Eric dog-paddles up a funky, awkward-leaning A3 corner on
fragile rock. Occasional corn flakes of granite pop loose
(as he weights his tentative pieces), to patter down onto
the hanging tent of camp, 200 feet below, then disappear
into the void. I follow, pushing to move as fast as I can,
frustrated and amazed by the continuously difficult climbing
of Eric's lead. A masterful pitch.
My turn. A moment of truth wrenches my gut when a stopper
pulls out of the crack below me. Insanity reigns as I look
into the eyes of a possible 80-foot fall, then, shaking,
tease a TCU off the rack and into the crack, not noticing
the light drizzle beginning to fall.
"Waaa, Waaa, Waaaah....."
Summit: light sprinkles. We hurriedly munch a Cliff Bar,
snap a few quick photos. Time to go, as the rain and mist
insistantly remind us.
Rappel down. Break camp. Pack Piglet and Hog-en-Dasz.
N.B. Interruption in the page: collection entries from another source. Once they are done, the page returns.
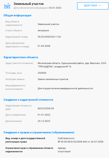 Некое ООО "Рефлект" оказалось собственником участка площадью 150 тыс. кв. м кадастровой стоимостью более 505 млн рублей, ООО "Гренадеры" трёх участков общей площадью 330 тыс. кв. м и общей кадастровой ценой свыше 1 млрд рублей, ООО "Рибмон" - 50 тыс. кв. м стоимостью 186 млн рублей, ООО "Ротума" - 73,9 тыс. кв. м и ценой 266 млн рублей, АОЗТ "Автор" - 11 тыс. кв. м и 84,8 млн рублей, ООО "Простор" - 123,4 тыс. кв. м стоимостью 423 млн рублей, ООО "ФОРЕСТА" - 260 тыс. кв. м стоимостью 831 млн рублей, ООО "ГеоСтрой" - 218 тыс. кв. м и ценой 709 млн рублей, ООО "Имидж Инвест" - 187 тыс. кв. м за 654 млн рублей, ООО "Агроконсалт" - 100 тыс. кв. м стоимостью 349 млн рублей.
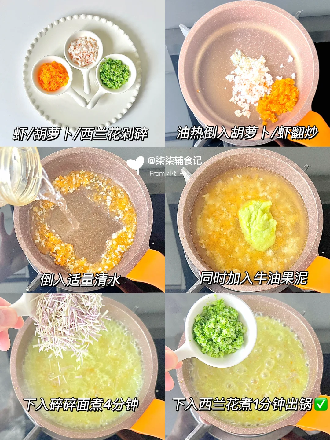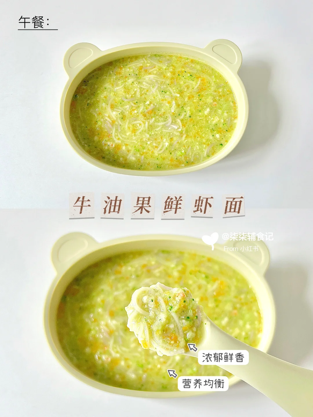 📝:碎碎面12g➕虾➕牛油果➕胡萝卜➕西兰花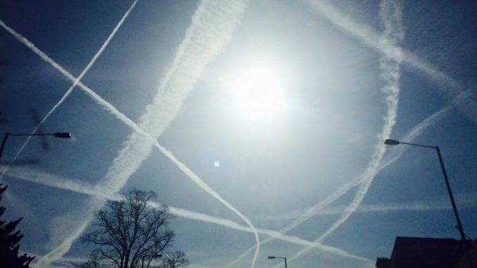 Whether you think the cloudy white streams are contrails (i.e. condensation trails from planes) or chemtrails (chemicals being deliberately sprayed), you have to admit that it IS looking a bit weird.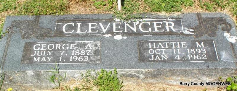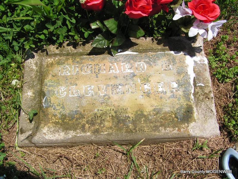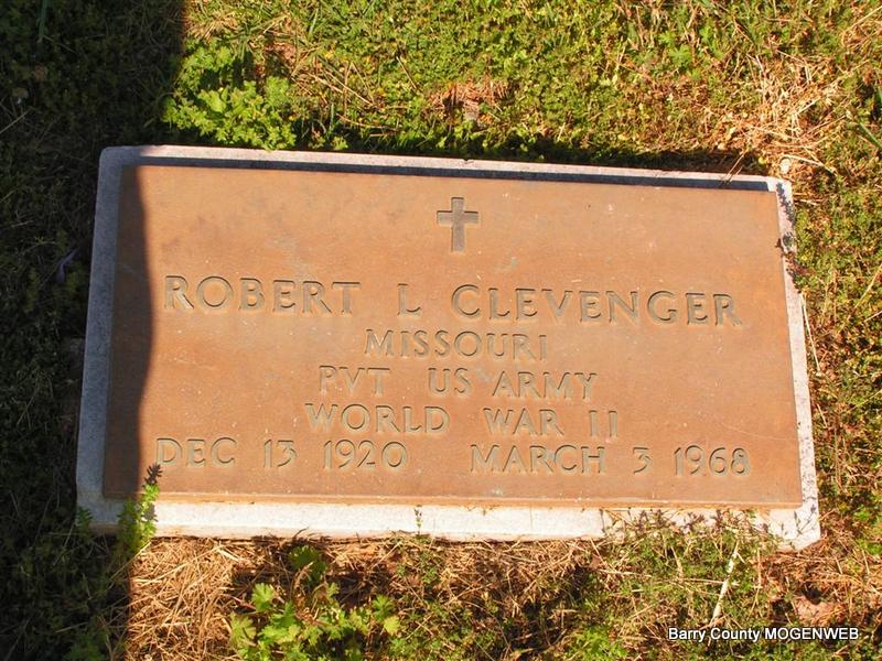 | CLEVENGER, Robert L. | Dec. 13, 1920 | Mar. 3, 1968 | Inscription: "MISSOURI PVT US ARMY WORLD WAR II" - Research Note: Son of George Albert Clevenger and Hattie McCullough. His wife was Margaret Elizabeth Martin. | Photo Don Warner - Deceased Margaret's Obit Census Phyllis Long |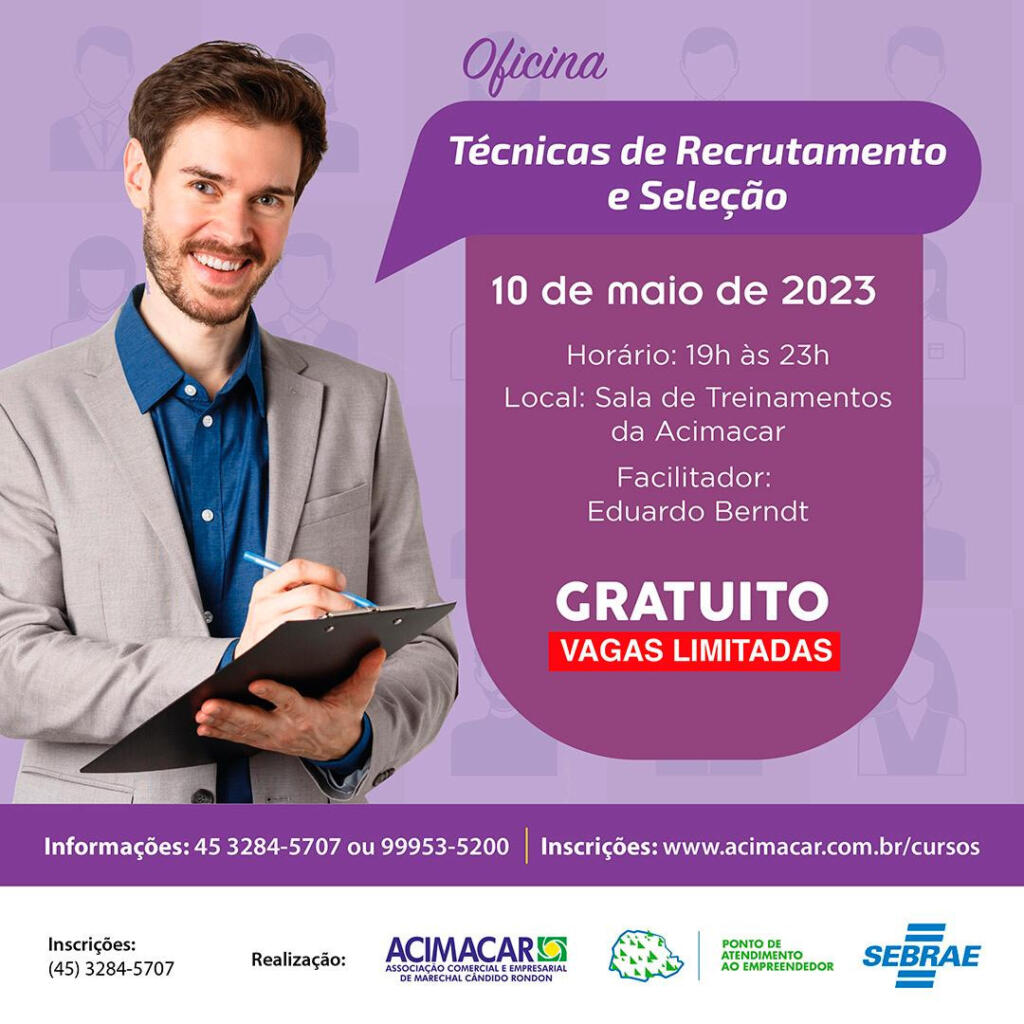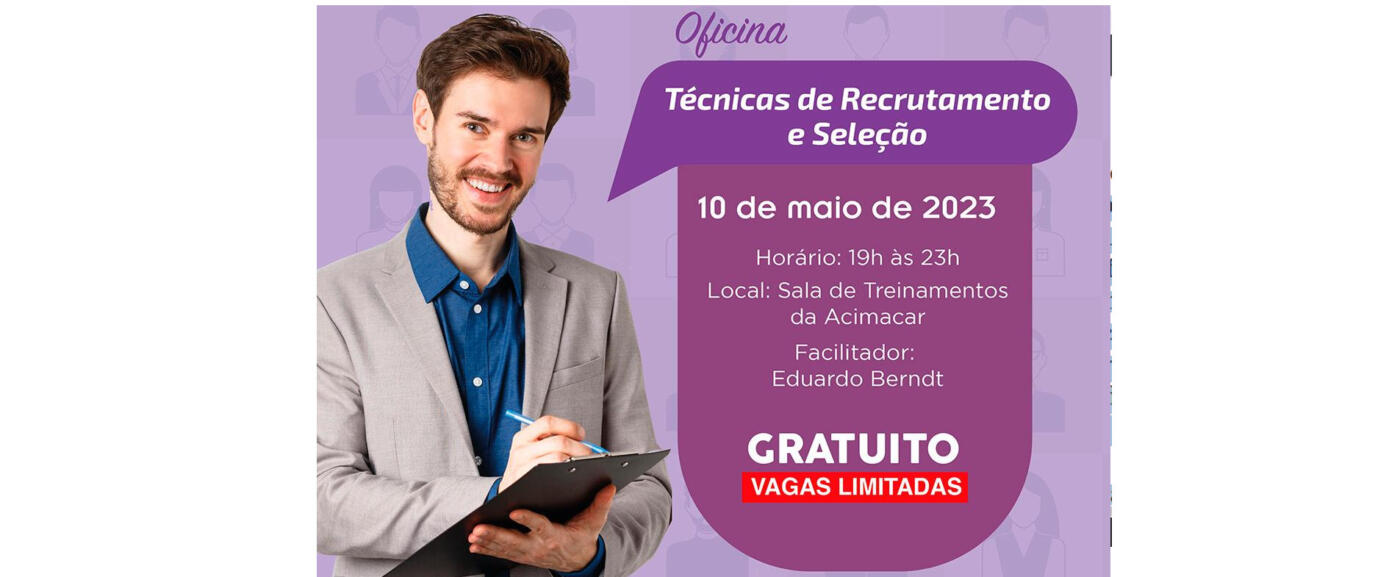 A Associação Comercial e Empresarial de Marechal Cândido Rondon (Acimacar) realiza, na próxima quarta-feira (10), a oficina gratuita “Técnicas de Recrutamento e Seleção”.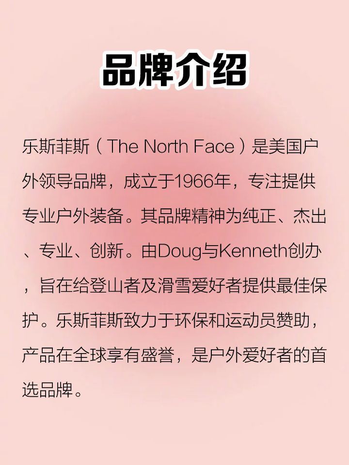 品牌介绍 乐斯菲斯(The North Face)是美国户 外领导品牌,成立于1966年,专注提供 专业户外装备。其品牌精神为纯正、杰出 、专业、创新。由Doug与Kenneth创办 ,旨在给登山者及滑雪爱好者提供最佳保 护。乐斯菲斯致力于环保和运动员赞助, 产品在全球享有盛誉,是户外爱好者的首 选品牌。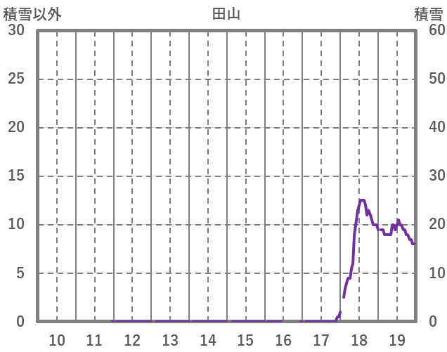 | 日 | 時 | 気温 | 降水 | 風向/風速 | 日照 | 積雪 | 降雪 |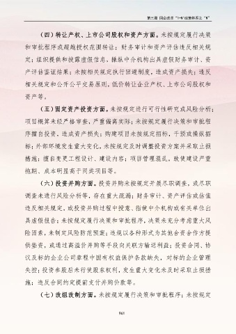 (四)转让产权、上市公司股权和资产方面。未按规定履行决策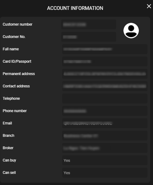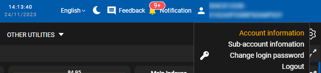 - To view the account information, the user points over the account name, click on the item “Account information

Rappel
the rest of the route with the bags strangling from the
waists, rope stuck once for a horrifying eternity (Panic) but finally
free as it starts-to-rain-and-get-dark-and-chillingly-gusty-windy
all at once and Cannon with a headlamp that doesn't work as we
rappel the last three pitches in the torrential wet tangly desperate
hog-pulling night-fighting our way down to
pitch black base stumbling tumbling pig-backed down slickery
jumbled bouldery steep out to the truck at Awahnee Hotel by
9:30 pm as the rain pours down and women in formals and men in
suits stroll by under umbrellas with arched eyebrows at
smelly-filthy-drenched us, Rats from the abyss.